Platform Technologies and the 100-Day Vaccine Goal
Another key pillar of pandemic preparedness is investment in adaptable vaccine platforms, particularly mRNA technologies. These platforms enable scientists to design new vaccines rapidly once a pathogen’s genetic sequence becomes available, dramatically shortening development timelines.
Building on the lessons of COVID-19, global health organizations have increasingly embraced the concept of “100-day vaccine development.” This ambitious target aims to design, test, and begin deploying vaccines within three months of identifying a new pathogen.
Achieving this goal will require deep collaboration between academia, industry, regulatory agencies, and governments, once again underscoring the importance of strong PPP frameworks.
One of the most prominent examples of collaboration during the COVID-19 pandemic was the partnership between BioNTech and Pfizer. BioNTech contributed its pioneering mRNA technology, while Pfizer provided global clinical trial expertise, regulatory support, and large-scale manufacturing capacity.
“Our background is science-driven business development and alliance management. Building partnerships across the biotech and pharmaceutical sectors made the COVID-19 vaccine collaboration possible,” says Dr. Kissel.
The success of the Pfizer–BioNTech vaccine illustrates how strategic alliances within the private sector can significantly accelerate vaccine innovation and deployment during global health emergencies.
Regional Manufacturing and Supply Chains
One of the most important lessons from the COVID-19 pandemic has been the need to diversify global vaccine manufacturing capacity. As a result, there is a growing trend toward regional health security strategies.
“We are seeing countries and regions increasingly investing in their own manufacturing and health security systems, which creates tension between global cooperation and national priorities,” highlighted Malhotra, adding that balancing national self-reliance with global collaboration will therefore remain a key challenge for future pandemic preparedness.
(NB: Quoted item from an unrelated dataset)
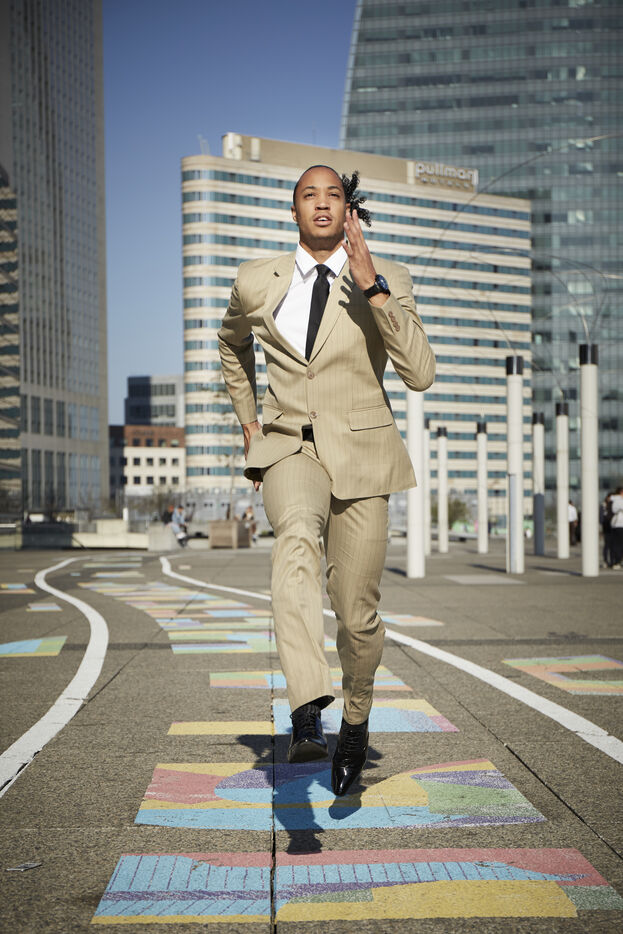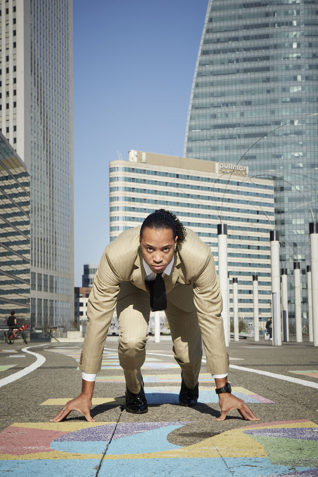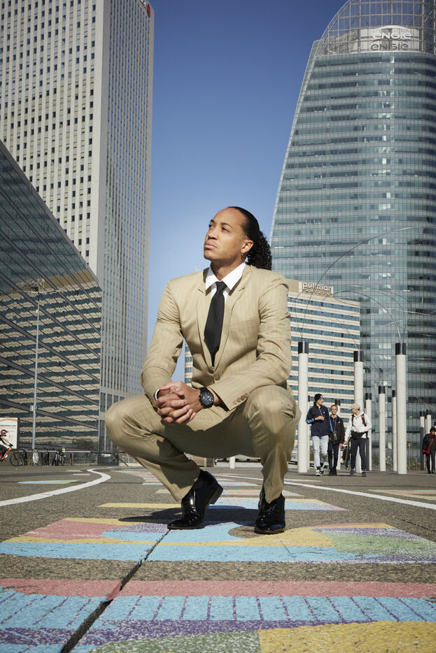 Pascal Martinot Lagarde, athlète français, spécialiste du 110 mètres haies et détenteur du record de France du 110 mètres haies en 12 s 95, pose pour une série de portrait dans le quartier de la Défense.
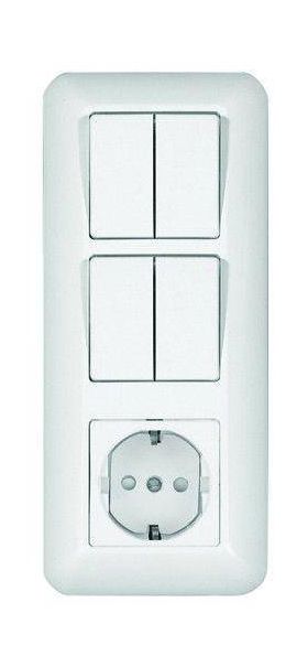 Блок СП БК-2 ВР-006Б Прима (2-кл.+2-кл. выкл+розетка с заземл.) (опт. упак) бел. SchE BK2VR-006B-B

Malhotra points out that pandemic preparedness requires long-term commitments rather than temporary crisis spending. Hence, PPPs must be supported by financing structures capable of sustaining research, manufacturing readiness, and global health infrastructure between pandemics.
Collaboration between stakeholders will enable vaccines to be developed, manufactured and distributed at rapid speed. However, fragmented funding structures, inequitable vaccine access, and insufficient preparedness mechanisms could undermine future health emergencies.
Strengthening pandemic preparedness will therefore require more robust partnership frameworks, ones that align incentives across sectors, support regional manufacturing capacity, and ensure equitable access to life-saving technologies.
As experts emphasize, successful pandemic response depends not only on scientific innovation, but on building partnership systems capable of sustaining that innovation over time. In a world where emerging infectious diseases remain a constant threat, resilient PPPs will continue to be among the most powerful tools for safeguarding global health and biosecurity.